**WHAT THE TASK REQUIRES:** Only one stretch of the data below is wanted: the lines from the one with "Pimpernel Cork Coaster" through the one with "バラのポプリづくり 2025年11月23日(大阪府): 「ポプリ」は香りを楽しむアロマグッズ", repeated exactly.

**DATA TO PROCESS:**
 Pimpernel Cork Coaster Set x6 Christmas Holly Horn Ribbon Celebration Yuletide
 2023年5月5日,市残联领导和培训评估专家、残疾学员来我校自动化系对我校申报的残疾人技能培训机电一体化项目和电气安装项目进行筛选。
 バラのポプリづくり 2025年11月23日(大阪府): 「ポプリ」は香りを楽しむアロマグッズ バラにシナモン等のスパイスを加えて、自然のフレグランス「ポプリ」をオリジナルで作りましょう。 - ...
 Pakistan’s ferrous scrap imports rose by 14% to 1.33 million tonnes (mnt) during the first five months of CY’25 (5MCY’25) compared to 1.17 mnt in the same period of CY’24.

* * *

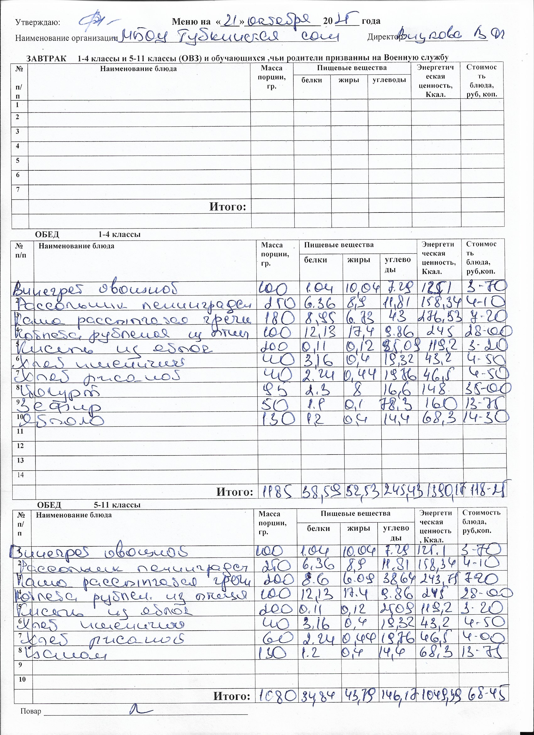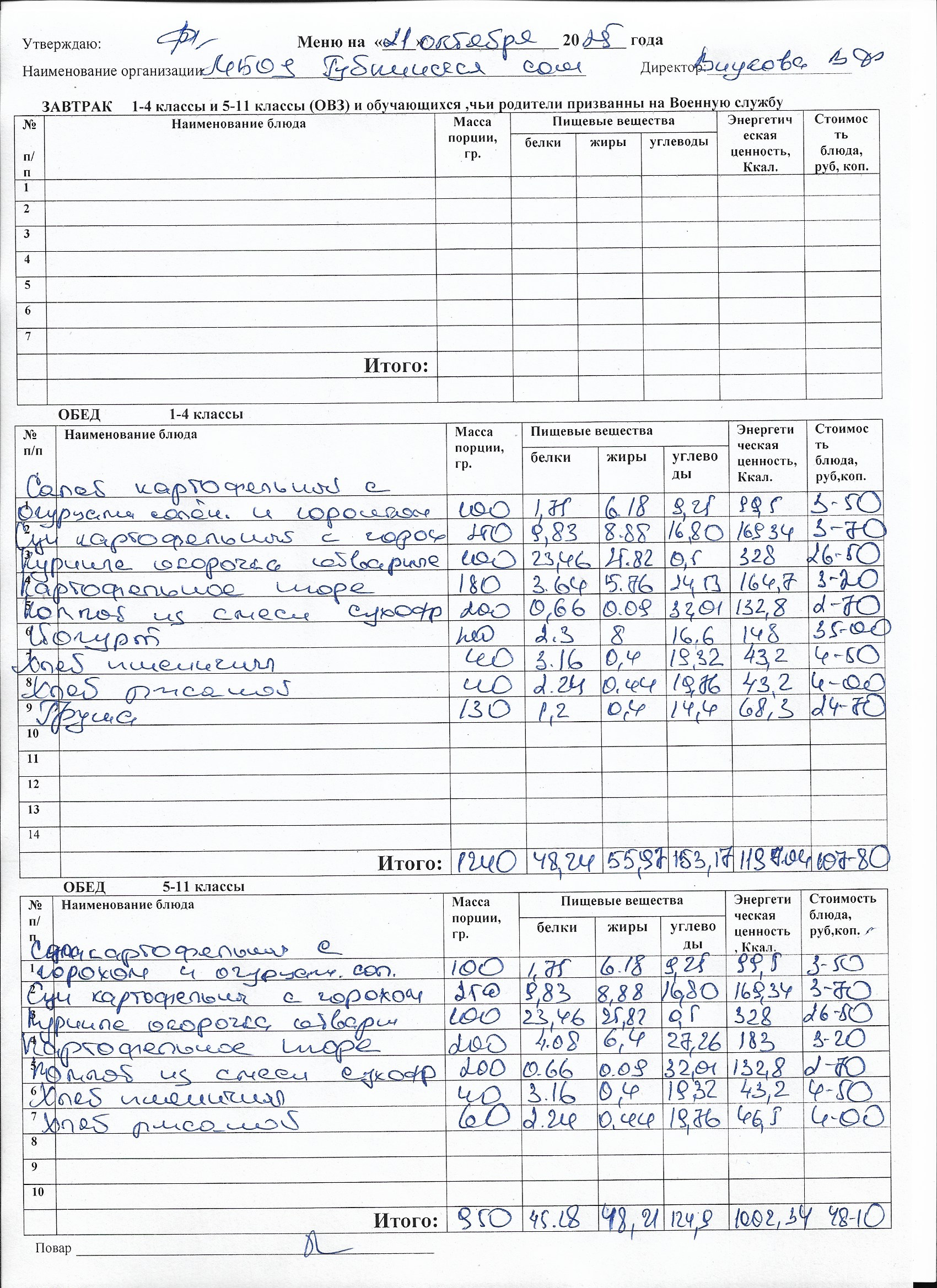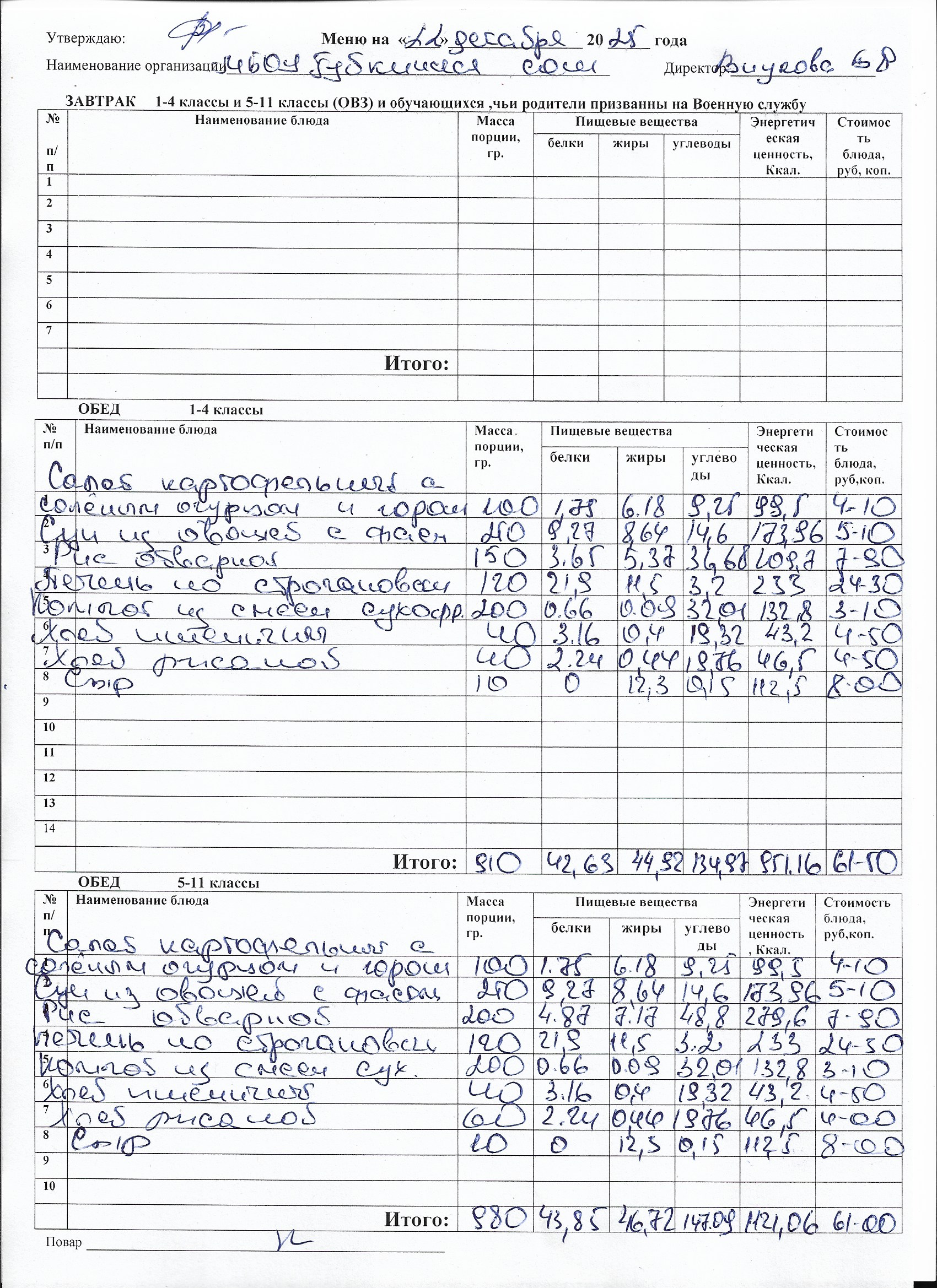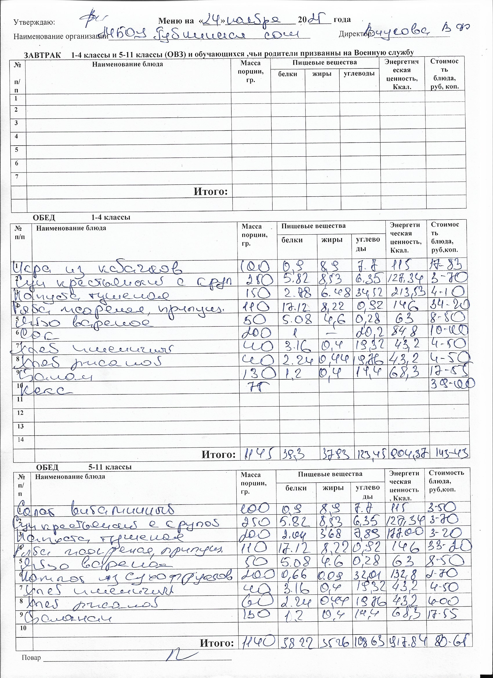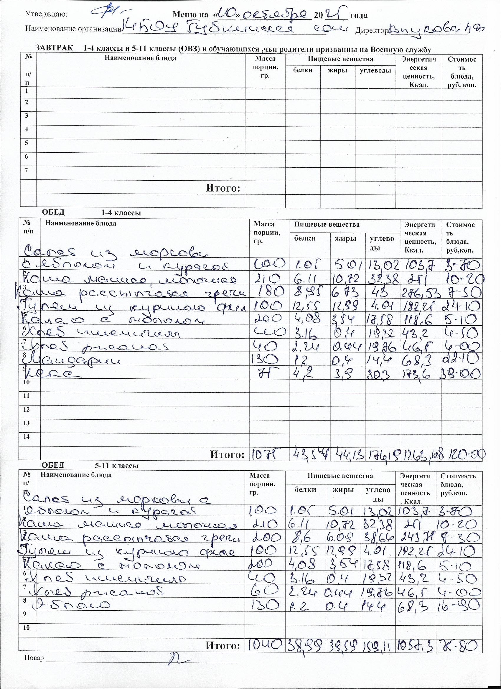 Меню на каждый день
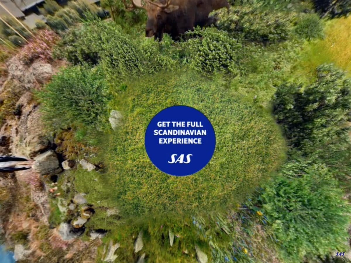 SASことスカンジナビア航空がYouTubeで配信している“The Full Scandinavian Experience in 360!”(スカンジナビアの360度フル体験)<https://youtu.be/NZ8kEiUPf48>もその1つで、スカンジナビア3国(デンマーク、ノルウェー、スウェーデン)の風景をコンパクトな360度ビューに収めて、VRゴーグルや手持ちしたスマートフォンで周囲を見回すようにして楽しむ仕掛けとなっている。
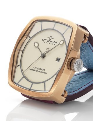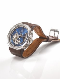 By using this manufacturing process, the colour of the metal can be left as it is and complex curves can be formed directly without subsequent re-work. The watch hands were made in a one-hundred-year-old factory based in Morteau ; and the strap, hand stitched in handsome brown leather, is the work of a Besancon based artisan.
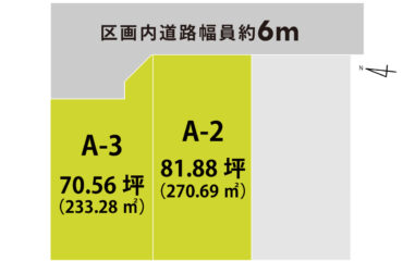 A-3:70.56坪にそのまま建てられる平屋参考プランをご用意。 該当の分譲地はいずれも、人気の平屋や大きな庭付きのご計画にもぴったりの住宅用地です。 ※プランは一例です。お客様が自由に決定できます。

**RESULT OF THE TASK:**
 Pimpernel Cork Coaster Set x6 Christmas Holly Horn Ribbon Celebration Yuletide
 2023年5月5日,市残联领导和培训评估专家、残疾学员来我校自动化系对我校申报的残疾人技能培训机电一体化项目和电气安装项目进行筛选。
 バラのポプリづくり 2025年11月23日(大阪府): 「ポプリ」は香りを楽しむアロマグッズ バラにシナモン等のスパイスを加えて、自然のフレグランス「ポプリ」をオリジナルで作りましょう。 - ...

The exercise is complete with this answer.